> [Description of the task]:
The material below is to be copied exactly from the line with "Nebenan im Rudolf-Winkler" up to and including the line with "Silvester a Nový rok", with nothing else kept and no pictures.

> [Task inputs]:

+ + + + + + +

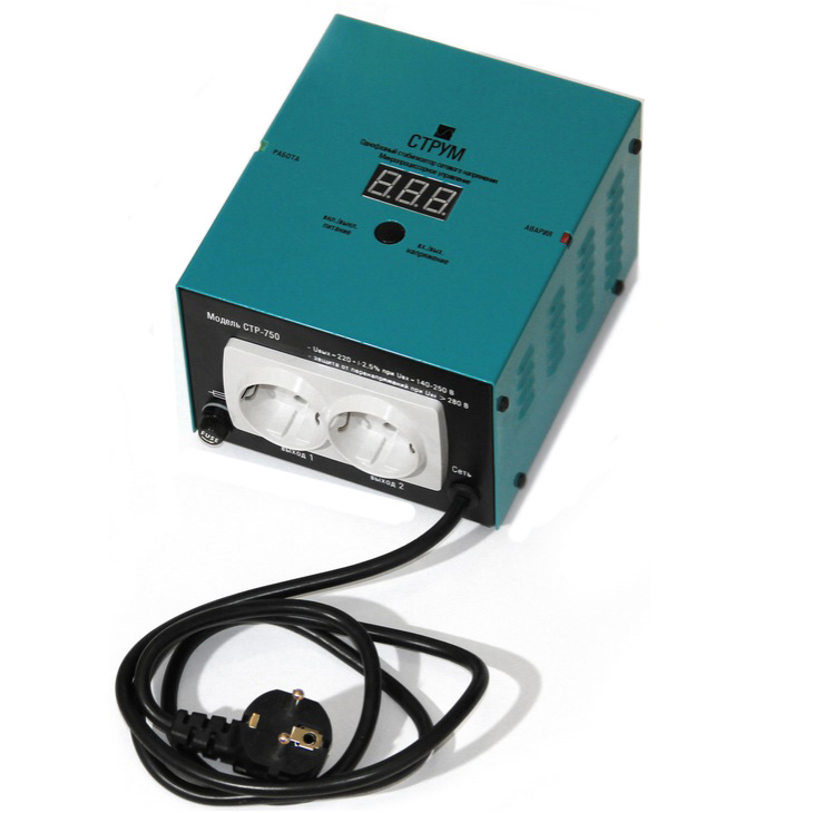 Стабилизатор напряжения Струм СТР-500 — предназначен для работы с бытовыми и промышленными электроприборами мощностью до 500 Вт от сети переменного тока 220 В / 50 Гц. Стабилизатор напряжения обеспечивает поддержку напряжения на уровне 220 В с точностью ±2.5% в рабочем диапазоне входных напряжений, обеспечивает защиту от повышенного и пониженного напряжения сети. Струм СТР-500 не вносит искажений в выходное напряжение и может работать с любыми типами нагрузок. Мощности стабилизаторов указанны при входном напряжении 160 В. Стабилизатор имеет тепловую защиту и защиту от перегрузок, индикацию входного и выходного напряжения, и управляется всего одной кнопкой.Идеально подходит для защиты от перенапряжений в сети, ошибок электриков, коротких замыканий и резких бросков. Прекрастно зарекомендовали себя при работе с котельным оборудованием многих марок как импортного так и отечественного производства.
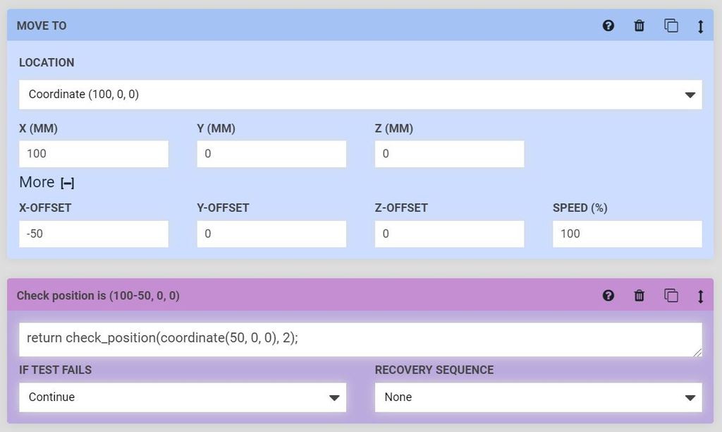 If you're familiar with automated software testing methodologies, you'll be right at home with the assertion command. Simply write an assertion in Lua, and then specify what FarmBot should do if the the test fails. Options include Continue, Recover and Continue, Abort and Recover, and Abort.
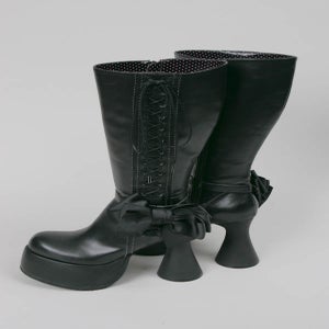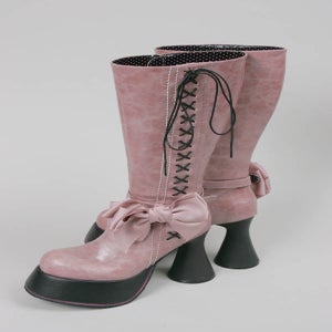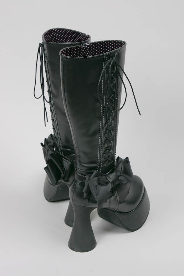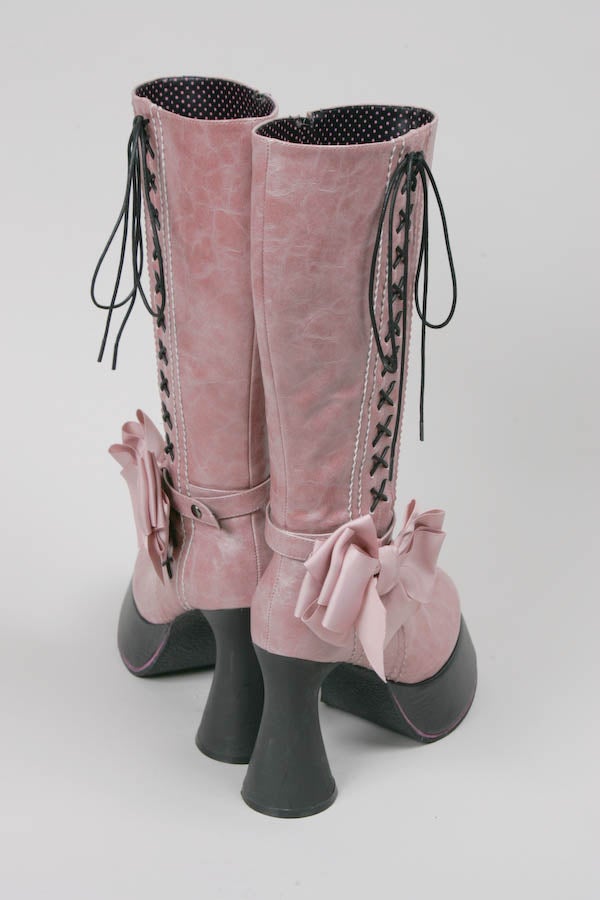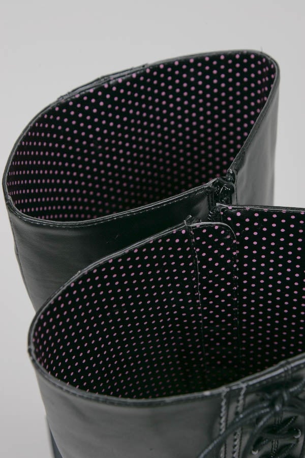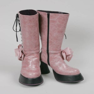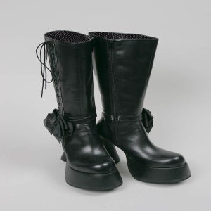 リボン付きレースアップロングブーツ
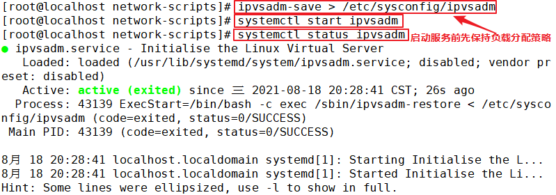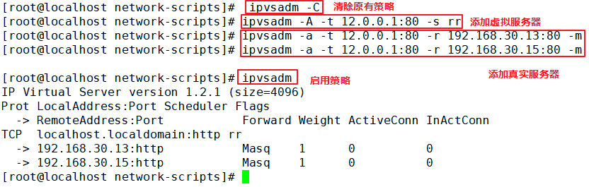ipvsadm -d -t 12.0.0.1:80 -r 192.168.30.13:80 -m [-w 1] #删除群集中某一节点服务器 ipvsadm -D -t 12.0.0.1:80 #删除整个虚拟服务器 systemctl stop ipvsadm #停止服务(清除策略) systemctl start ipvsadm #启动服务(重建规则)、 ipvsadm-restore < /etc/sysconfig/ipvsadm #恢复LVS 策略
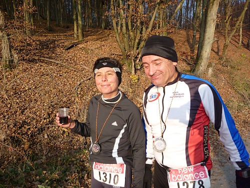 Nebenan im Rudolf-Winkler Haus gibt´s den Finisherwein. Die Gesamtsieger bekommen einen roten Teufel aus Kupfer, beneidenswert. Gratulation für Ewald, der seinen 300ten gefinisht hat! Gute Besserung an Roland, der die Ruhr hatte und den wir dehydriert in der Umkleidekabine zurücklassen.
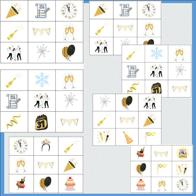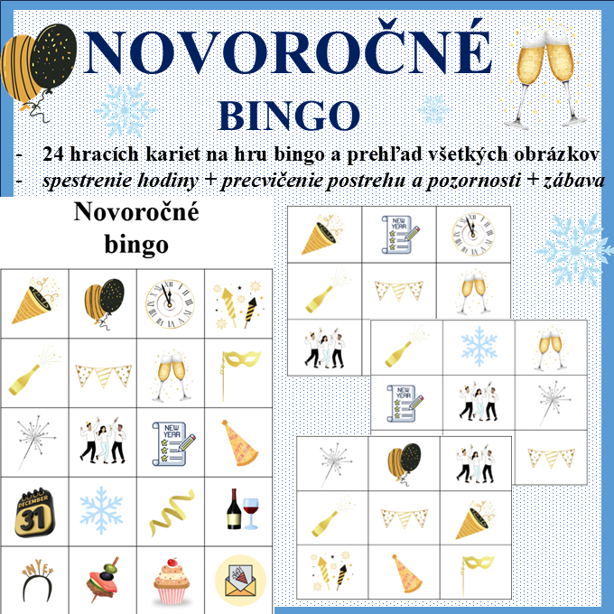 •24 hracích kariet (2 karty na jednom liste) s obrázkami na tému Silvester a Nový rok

+ + + + + + +

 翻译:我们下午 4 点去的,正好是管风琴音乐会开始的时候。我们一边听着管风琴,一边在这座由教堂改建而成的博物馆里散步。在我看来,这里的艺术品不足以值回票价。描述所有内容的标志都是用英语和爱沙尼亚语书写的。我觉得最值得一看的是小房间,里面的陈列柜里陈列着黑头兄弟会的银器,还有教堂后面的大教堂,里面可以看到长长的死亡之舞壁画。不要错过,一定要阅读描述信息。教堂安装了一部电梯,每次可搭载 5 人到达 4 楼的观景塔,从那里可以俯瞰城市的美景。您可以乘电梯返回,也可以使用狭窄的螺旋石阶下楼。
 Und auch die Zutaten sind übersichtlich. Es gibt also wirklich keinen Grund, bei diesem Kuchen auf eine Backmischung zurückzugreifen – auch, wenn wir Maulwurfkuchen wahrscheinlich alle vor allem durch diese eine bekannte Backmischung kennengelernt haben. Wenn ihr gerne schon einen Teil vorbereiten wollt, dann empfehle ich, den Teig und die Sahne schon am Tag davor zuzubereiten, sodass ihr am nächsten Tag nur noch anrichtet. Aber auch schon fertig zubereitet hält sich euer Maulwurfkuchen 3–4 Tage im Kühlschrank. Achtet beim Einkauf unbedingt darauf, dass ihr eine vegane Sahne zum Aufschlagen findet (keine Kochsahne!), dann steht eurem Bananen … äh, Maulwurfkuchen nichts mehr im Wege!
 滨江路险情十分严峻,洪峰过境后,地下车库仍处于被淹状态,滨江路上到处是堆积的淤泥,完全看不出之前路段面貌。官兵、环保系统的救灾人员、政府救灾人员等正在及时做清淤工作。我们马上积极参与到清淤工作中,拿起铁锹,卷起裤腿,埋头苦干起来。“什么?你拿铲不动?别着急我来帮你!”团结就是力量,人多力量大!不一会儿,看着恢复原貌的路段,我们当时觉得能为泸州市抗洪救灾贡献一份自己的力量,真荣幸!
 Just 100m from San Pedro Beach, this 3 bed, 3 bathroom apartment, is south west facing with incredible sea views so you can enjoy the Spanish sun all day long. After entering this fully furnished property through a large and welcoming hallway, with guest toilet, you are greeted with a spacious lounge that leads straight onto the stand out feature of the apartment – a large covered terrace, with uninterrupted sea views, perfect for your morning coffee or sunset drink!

+ + + + + + +

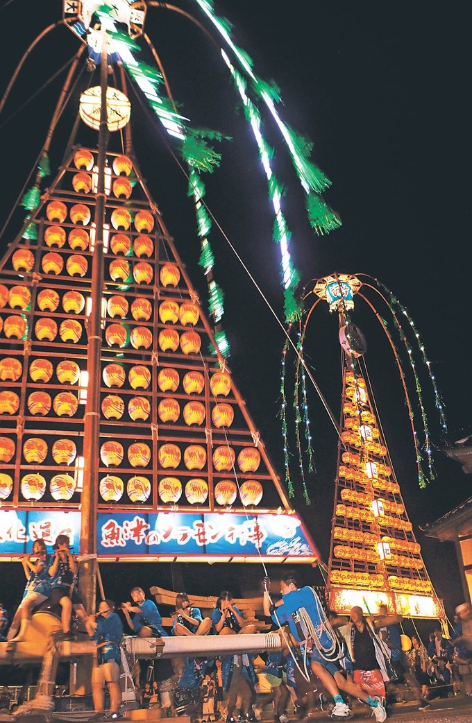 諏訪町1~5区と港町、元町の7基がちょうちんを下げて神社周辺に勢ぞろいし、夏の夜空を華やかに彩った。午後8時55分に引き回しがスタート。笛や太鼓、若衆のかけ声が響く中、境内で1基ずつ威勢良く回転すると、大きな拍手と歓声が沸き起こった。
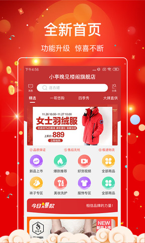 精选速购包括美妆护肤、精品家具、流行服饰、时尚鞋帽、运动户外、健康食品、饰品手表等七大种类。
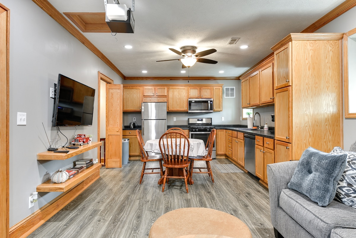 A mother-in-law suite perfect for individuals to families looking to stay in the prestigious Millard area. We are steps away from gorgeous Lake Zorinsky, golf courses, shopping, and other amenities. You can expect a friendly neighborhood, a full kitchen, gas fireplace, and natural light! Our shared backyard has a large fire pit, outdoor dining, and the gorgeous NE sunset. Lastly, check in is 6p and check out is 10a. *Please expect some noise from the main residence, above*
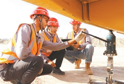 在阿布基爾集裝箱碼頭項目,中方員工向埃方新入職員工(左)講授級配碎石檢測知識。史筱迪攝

+ + + + + + +

> [Answer]:
 Nebenan im Rudolf-Winkler Haus gibt´s den Finisherwein. Die Gesamtsieger bekommen einen roten Teufel aus Kupfer, beneidenswert. Gratulation für Ewald, der seinen 300ten gefinisht hat! Gute Besserung an Roland, der die Ruhr hatte und den wir dehydriert in der Umkleidekabine zurücklassen.
 •24 hracích kariet (2 karty na jednom liste) s obrázkami na tému Silvester a Nový rok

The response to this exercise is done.